DATA BELOW:
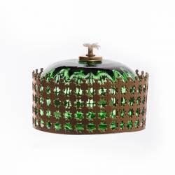 Eine Petroleumlampe bestehend aus einer Messingbefestigung, einem Lampenschirmen (Kamin) und einem Petroleumbehälter mit Docht. Mit äußerster Sorgfalt von Hand gefertigte Lampenschirme aus hochwertigem Klarglass.
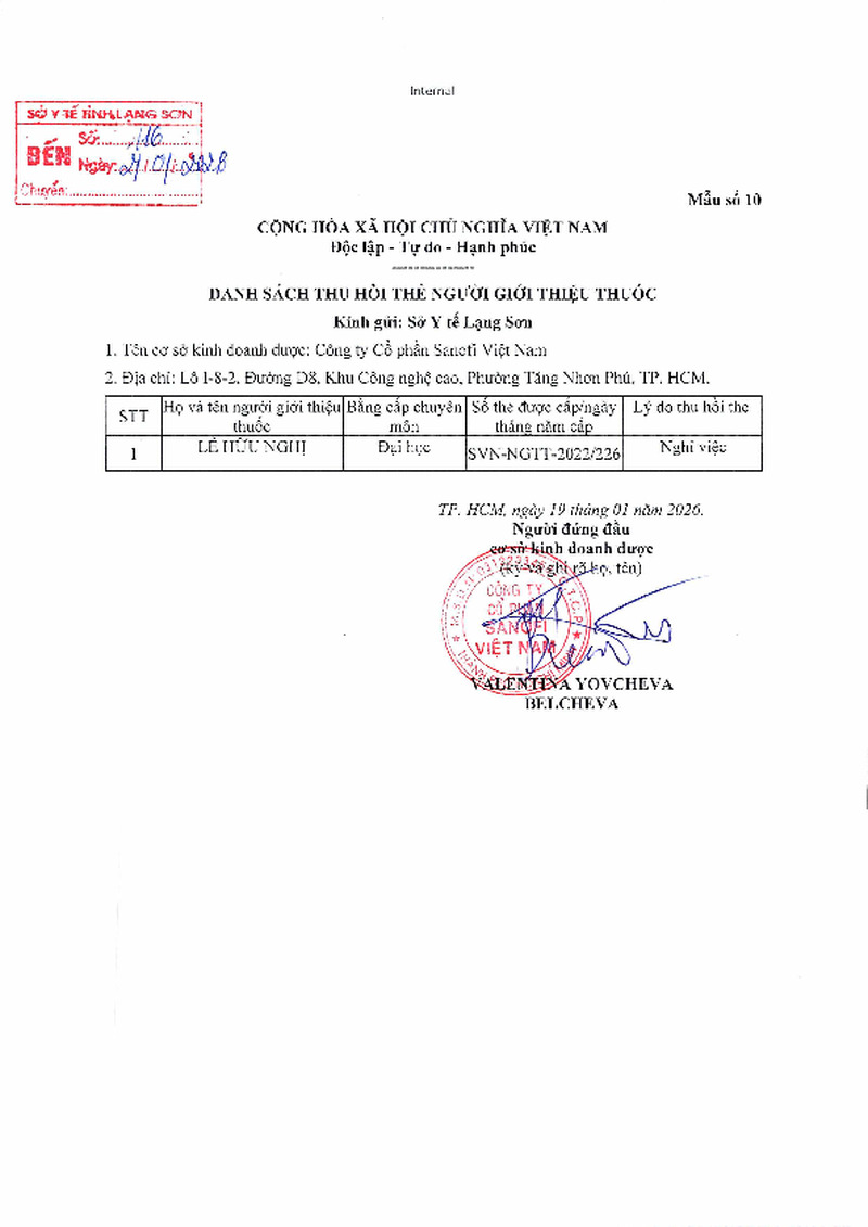 Danh sách người được cấp thẻ người giới thiệu thuốc
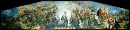 L’illustration choisie comme en-tête de cet article est une peinture murale de Reque Meruvia, qui se trouvait aux Archives générales militaires à Madrid. Peu connue, elle est aujourd’hui au musée des Armées à Avila. Elle date de 1948 et son titre est ALEGORIA DE FRANCO Y LA CRUZADA. Cette allégorie de la guerre civile illustre le lien entre Franco et saint Jacques. Galicien, le général Franco avait une grande dévotion pour saint Jacques qui apparaît ici au-dessus de lui sur son cheval blanc comme à Clavijo.

TASK REQUIREMENTS: Aside from its pictures, the listing must be given again in full, exactly as it appears.

TASK OUTPUT:
 Eine Petroleumlampe bestehend aus einer Messingbefestigung, einem Lampenschirmen (Kamin) und einem Petroleumbehälter mit Docht. Mit äußerster Sorgfalt von Hand gefertigte Lampenschirme aus hochwertigem Klarglass.
 Danh sách người được cấp thẻ người giới thiệu thuốc
 L’illustration choisie comme en-tête de cet article est une peinture murale de Reque Meruvia, qui se trouvait aux Archives générales militaires à Madrid. Peu connue, elle est aujourd’hui au musée des Armées à Avila. Elle date de 1948 et son titre est ALEGORIA DE FRANCO Y LA CRUZADA. Cette allégorie de la guerre civile illustre le lien entre Franco et saint Jacques. Galicien, le général Franco avait une grande dévotion pour saint Jacques qui apparaît ici au-dessus de lui sur son cheval blanc comme à Clavijo.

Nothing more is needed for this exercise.